For this purpose,I added three variables icnt
, jcnt
and kcnt
.
public class FreqCounter{
public static void count1(int[] a){
int N = a.length;
int count = 0;
int icnt = 0;
int jcnt = 0;
int kcnt = 0;
for(int i=0;i<N;i++){
icnt++;
for(int j=i+1;j<N;j++){
jcnt++;
for(int k=j+1; k<N;k++){
kcnt++;
}
}
}
System.out.printf("i loop=%d times\n",icnt);
System.out.printf("j loop=%d times\n",jcnt);
System.out.printf("k loop=%d times\n",kcnt);
}
public static void main(String[] args) {
int N = 100;
int[] a = new int[N];
count1(a);
}
}
I got the following output
i loop=100 times
j loop=4950 times
k loop=161700 times
I tried to analyze this as follows
The outer for loop (i=0 to < N)
This executes N
times ,so for N=100
,the count will be 100
Inner for loop(j=i+1 to < N)
This is equivalent to finding combinations of N elements ,taken 2 at a time
which means C(N,2) = N! /((N-2)! * 2!) = (N *(N-1))/2 = ((N^2)/2)-(N/2)

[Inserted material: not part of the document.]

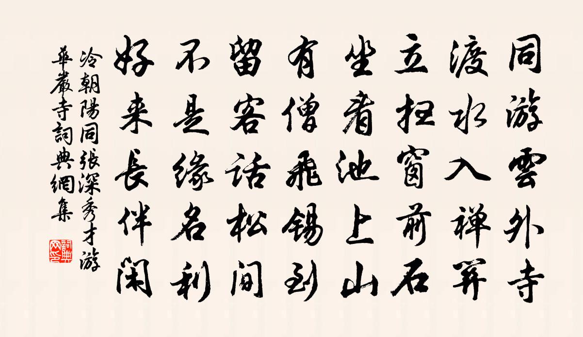 詩詞名句歷史字典書法欣賞書法字典國語詞典說文解字康熙字典古漢語字典標 題 作 者 詩 句 同張深秀才游華嚴寺作者:冷朝陽 朝代:唐代同張深秀才游華嚴寺原文同游雲外寺,渡水入禪關。立掃窗前石,坐看池上山。有僧飛錫到,留客話松間。不是緣名利,好來長伴閒。詩詞問答問:同張深秀才游華嚴寺的作者是誰?答:冷朝陽問:同張深秀才游華嚴寺寫於哪個朝代?答:唐代問:同張深秀才游華嚴寺是什麼體裁?答:五律冷朝陽同張深秀才游華嚴寺書法欣賞同張深秀才游華嚴寺書法作品注釋全唐詩:卷305-24詩詞推薦自桃川至辰州絕句四十有二趙蕃〔宋代〕牂牁何處莫窮源,萬折千磯劇迅奔。寸寸上來良亦苦,不知斷支出秘番魂。踏莎行 金錢卜歡 復古詩集五以上周詠先輯本王國器〔元代〕暗擲龍文,尋盟鸞鏡。龜兒不似青蚨準。花房羞化彩娥飛,銀橋密遞仙娥信。錦屋瓊樓,薄情飄性。碧雲望斷紅輪十月九日醉中二首陳著〔宋代〕八十二年真過分,兩三閒屋漫偷安。家人病退藥方熟,兒子歸來酒量寬。只把詩書供日用,不知宇宙有風寒。開門甘棠橋袁說友〔宋代〕波入南溪綠,荷薰夾岸香。一川虹倒影,百步帶橫塘。舟榜橋邊柳,魚驚月下榔。人亡遺愛遠,誰復賦甘棠。餘姚董役海進有作謝景初〔宋代〕五行交相陵,海水不潤下。處處壞進防,白浪大於馬。顧予為其長,恐懼敢暫舍。董眾完築塞,跋履率曠野。使人歸雲溪三首郭印〔宋代〕才入雲溪境,欣然面故人。江郊寧改舊,竹樹更增新。泉石重為伴,樵漁永作鄰。丁寧魚與鳥,久出幸無嗔。郴江百詠並序碧虛亭阮閱〔宋代〕筇竹枝彎屐齒搖,登臨身覺在煙霄。千峰險似三川峽,一水深如八月潮。滿庭芳楊 * 〔宋代〕春過園林,雨餘池沼,嫩荷點點青圓。晝長人靜,芳樹欲生煙。一徑幽通邃竹,松風漱、石齒濺濺。平生志,功名次洪漕韻二首洪咨夔〔宋代〕塞垣擁雪髑髏寒,多少將軍博美官。莫恨知心今世鮮,須知行道古來難。時窮地狹何能舞,命好天高亦可鑽。此理好事近趙士暕〔宋代〕造化有深功,綴就梢頭黃蠟。剪刻翻成新樣,與江梅殊別。半開微露紫檀心,蕭灑對風月。素手偏宜折取,向烏雲和丁祖舜二月陰寒之作陳淳〔宋代〕東皇涖事已告半,農村恰恰脂田車。胡為玄冥尚偃蹇,暗弄威權未退斜。陳{露各換今}最痴鎖烏腳,阿香亦懶敲浣溪沙范成大〔宋代〕十里西疇熟稻香。槿花籬落竹絲長。垂垂山果掛青黃。濃霧知秋晨氣潤,薄雲遮日午陰涼。不須飛蓋護戎裝。和蓬萊老之兄卓宣教見遺釋寶曇〔宋代〕要結靈山未了緣,山中草木亦欣然。大江南北經年夢,明月東西一夜圓。龍象而今非故我,功名自古付華顛。相逢江城子·南溪二月雨康與之〔宋代〕南溪二月雨初晴。四郊明。暖風輕。一雨一風,鋪地落紅英。枝上流鶯啼勸我,春欲去,且留春。登臨行樂慰閒情巫山一段雲 登龍峰趙孟頫〔元代〕片月生危岫,殘霞拂翠桐。登龍峰下楚王宮。千古感遺蹤。柳色眉邊綠,花明臉上紅。欲尋靈積阻江風。離思杳無詠北海汪遵〔唐代〕漢臣曾此作縲囚,茹血衣毛十九秋。鶴髮半垂龍節在,不聞青史說封侯。偈頌一百五十首釋心月〔宋代〕與麽也在我,不與麽也在我。明眼漢擔拄杖繞天下橫行,為什麼透這些子不得。前日小詩並呈魯漕吳芾〔宋代〕華發蕭蕭我與君,未能免俗尚馳奔。相看已是成三老,得暇何妨共一樽。我欲丐閒歸故里,君行趣召入修門。亦知雨中登北樓李彌遜〔宋代〕白首登臨海一隅,晚風吹雨上髭鬚。日邊不郵平安使,雲影滿川山有無。芳草黃滔〔唐代〕澤國多芳草,年年長自春。應從屈平後,更苦不歸人。名句推薦大丈夫相時而動。曹雪芹《紅樓夢·第四回》 正是浴蘭時節動。菖蒲酒美清尊共。歐陽修《漁家傲·五月榴花妖艷烘》 放眼暮江千頃,中有離愁萬斛,無處落征鴻。楊炎正《水調歌頭·把酒對斜日》 落花夜雨辭寒食。塵香明日城南陌。吳文英《菩薩蠻·落花夜雨辭寒食》 君看石芒碭,掩淚悲千古李白《丁督護歌》 中池所以綠,待我泛紅光。沈約《詠芙蓉》 夸而有節,飾而不誣劉勰《文心雕龍·誇飾》 泛菊杯深,吹梅角遠,同在京城。劉過《柳梢青·送盧梅坡》 清香隨風發,落日好鳥歸。李白《詠鄰女東窗海石榴》 情往似贈,興來如答。劉勰《文心雕龍·物色》

C(N,2) = N! /((N-2)! * 2!) = (N *(N-1))/2 = ((N^2)/2)-(N/2)
For N=100
, this will be (100*100/2)-50 = 4950
Innermost loop (k=j+1 to < N)
Equivalent to finding combinations of N elements ,taken 3 at a time
ie, C(N,3) = N!/((N-3)! * 3!) = N*(N-1)*(N-2)/3! = (N^3/6)-(N^2/2)+N/3
C(N,3) = N!/((N-3)! * 3!) = N*(N-1)*(N-2)/3! = (N^3/6)-(N^2/2)+N/3
For N=100
, this will be 100^3/6 - 100^2/2 + 100/3 = 161700
I am getting the correct values,but wanted to know if the analysis(combinations stuff) is proper.(I have only recently learned the permutation/combinations lessons).If someone can add more to this analysis, it would be helpful.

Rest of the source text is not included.